For instance, if customers need the shuttle from 4:00 to 23:00 both ways, then the payoffs for both shuttle companies are equal in all occurring outcomes:

6|87|98|10
6|8 128, 128 136, 136 144, 144
7|9 136, 136 128, 128 136, 136
8|10 144, 144 136, 136 128, 128

Still they are different, so it is still worthwhile to analyze the game. We have five Nash equilibria, two pure ones of "6|8" versus "8|10" with payoff of 144 for both, and three mixed ones: 50% "6|8" and 50% "8|10" versus the same strategy, or versus the pure strategy "7|9". In each of these three mixed Nash equilibira, the payoffs for both players are 136.

2. Impatient customers

In this variant we make the assumption that the number of passengers actually using a shuttle decreases if they would have to drive too early, (meaning they would have to wait at the airport) for the trip to the airport, as well as if they would have to wait too long for the shuttle at the airport for the trip back. More precisely, out of the 8 persons who have to leave the city at a given full hour, one chooses other transportation (like the expensive taxi, or letting a friend drive him or her) if he or she would have to leave one hour earlier, and three, respectively six choose other transportation if they would have to leave two respectively three hours earlier. Remember that nobody having to leave four or more hours earlier would use the shuttle. The same assumptions are made for the trip from the airport to the city. One, three, or six of the 8 passengers would seek other transportation if they would have to wait one hour, two hours, or three hours.

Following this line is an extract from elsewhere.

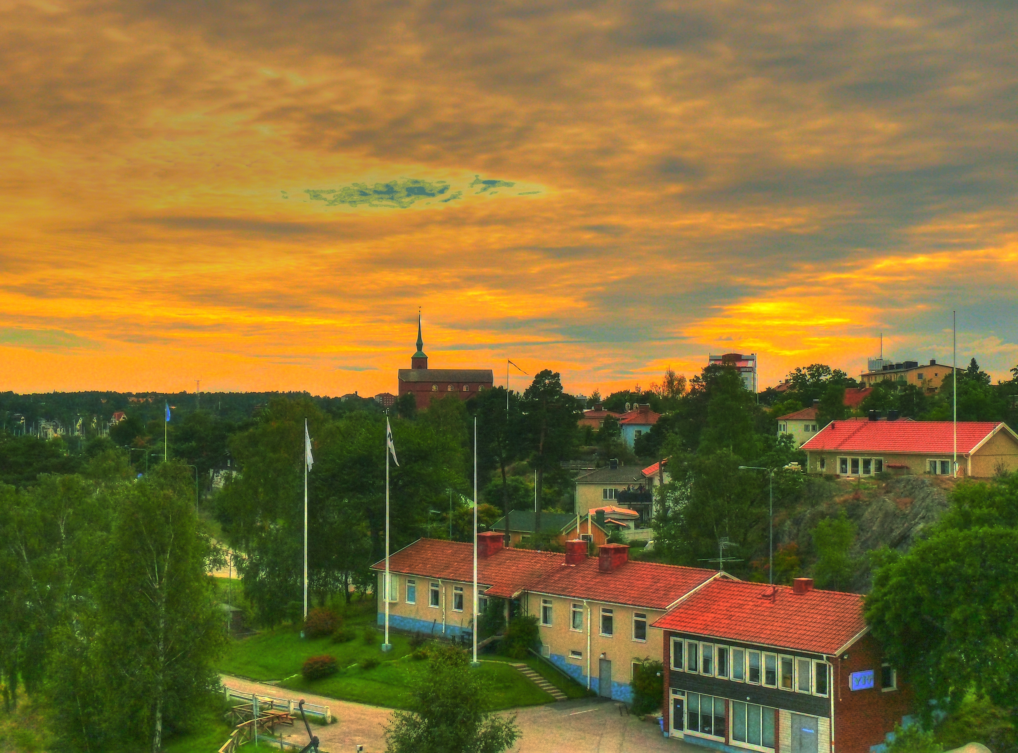 View to Nynäshamn

Just to discuss a random example, assume that a=6 and b=20, the earliest passengers want to go to the airport at 6:00 and the latest at 20:00, and assume c=7 and d=21, the earliest passengers want to come from the airport at 7, and the latest at 21:00. Again the bimatrix can be computed on the Excel sheet.

6|87|98|10
6|8 83.5, 83.5 107, 107 120, 105
7|9 107, 107 83.5, 83.5 112, 92
8|10 105, 120 92, 112 77, 77

Although for the customers, the combination "6|8"-"8|10" would be best, since with this combination 225 of 240 possible passengers would be transported, this combination is not a Nash equilibrium. The player playing "8|10" would want to change to "7|9". Actually there are five Nash equilibria, the two pure ones "6|8" versus "7|9" with a payoff of 107 for both, and three mixed ones. The two pure ones have also the highest number of passengers transported (214) of all Nash equilibria, so maybe the authority should suggest this to both companies to make it a focal point. Note also that although the payoffs are equal, the equilibria themselves are not symmetric, so again pregame negotiations are necessary to talk about who will start at 6:00 and who at 7:00.

The 9 times 9 case could later be added, at the moment the chapter seems to be rich enough.


Exercises

  1. Try to get data from your local airport, how many passengers are leaving each hour, and how many are arriving at each hour. You could look through the departure and arrival schedules, or ask the local shuttle service whether they have data, or count yourself. Use the Excel sheet to analyze the game.
  2. If your airport has two different shuttles, look up their schedules and find out whether they form a Nash equilibrium, either with an assumption on the passenger distribution, or with the data obtained in the previous question.